While it’s not a total victory, the newly issued final rule goes a long way toward alleviating providers’ concerns. The QPA is still listed as the first factor in determining reasonableness since it’s a quantitative figure based on price data. However, the preamble to the final rule also says that once arbitrators consider the QPA, it’s “reasonable” for them to “then” look at “the additional, likely-qualitative factors, when determining the out-of-network rate.”
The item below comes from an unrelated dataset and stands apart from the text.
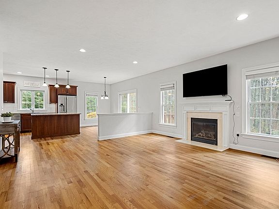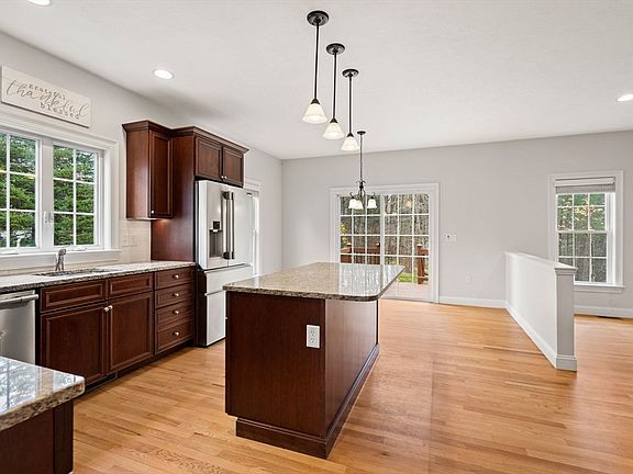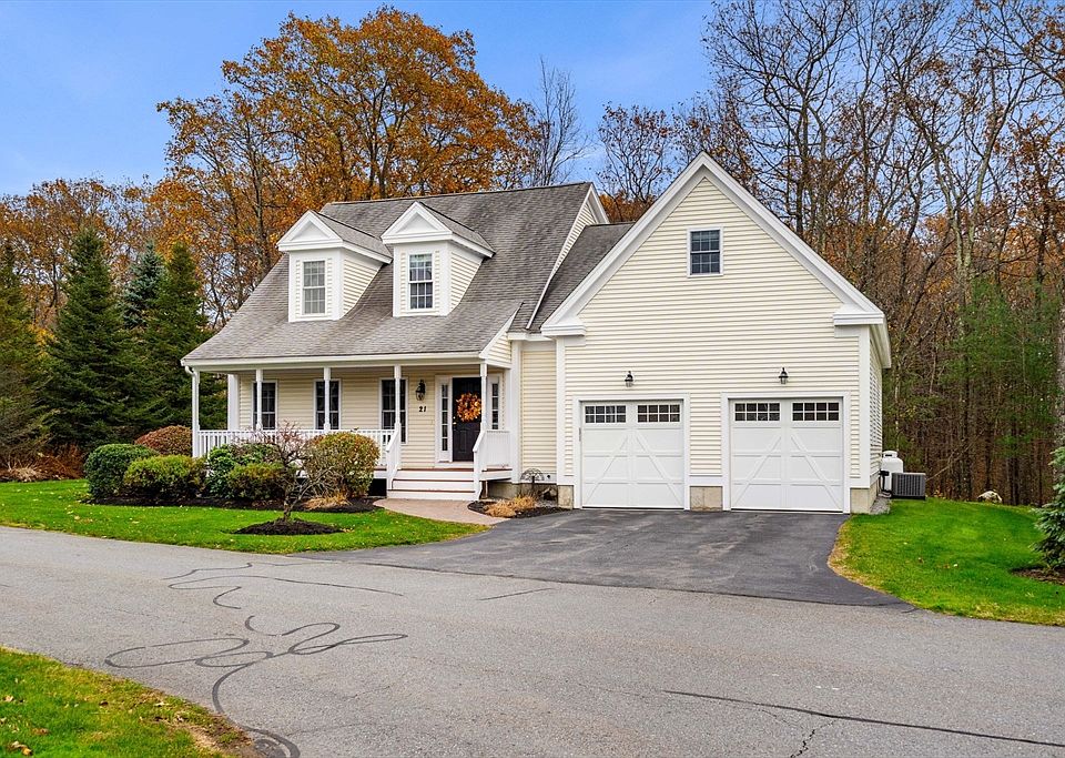 Beautiful stand-alone single family detached condo in the sought-after Academy Hill neighborhood, offering bright, open-concept living and thoughtful design. A welcoming farmer’s porch leads to a spacious kitchen and living room with custom moldings, hardwood floors, granite counters, a center island breakfast bar, walk-in pantry, and oversized windows. Enjoy cozy evenings by the gas fireplace or step through the sliders to a private deck for outdoor dining. The first-floor primary suite features a walk-in closet and a lovely bath with a double vanity and step-in shower. A formal dining room with wainscoting, half bath, and designated laundry room complete the main level. Upstairs offers 5 rooms: two large bedrooms, family room, an updated full bath, and two added sun-filled bonus rooms with hardwood floors and great storage. The corner lot provides lovely green space. The condo fee covers all exterior care, including roof and siding carefree living in a top-ranked school district!

(Section 2590-716(iii)) of the final rule lists those additional factors, including:

  1. The level of training, experience, and quality and outcomes measurements of the provider or facility that furnished the qualified IDR item or service (which we’ll refer to as “service”);
  2. The market share held by the provider or facility or that of the plan or issuer in the geographic region in which the service was provided;
  3. The acuity of the patient receiving the service, or the complexity of furnishing the service to the patient;
  4. The teaching status, case mix, and scope of services of the facility that furnished the service; and
  5. Demonstration of good faith efforts (or lack thereof) made by the provider or facility or the plan or issuer to enter into network agreements with each other, and, if applicable, contracted rates between the provider or facility, as applicable, and the plan or issuer, as applicable, during the previous four plan years.

The Practical Impact

In addition to leaving QPA as the primary factor, the new rule doesn’t tell arbitrators how to weigh the QPA against the additional “qualitative” factors. As a result, arbitration decisions in out-of-network price disputes are likely to be not only totally unpredictable but inconsistent from case to case. All of this casts significant uncertainty over the IDR process and whether it will generate fair decisions. Meanwhile, the AMA and AHA haven’t given any indication of whether they plan to drop their lawsuit or press on for further changes that would reduce the primacy of the QPA factor.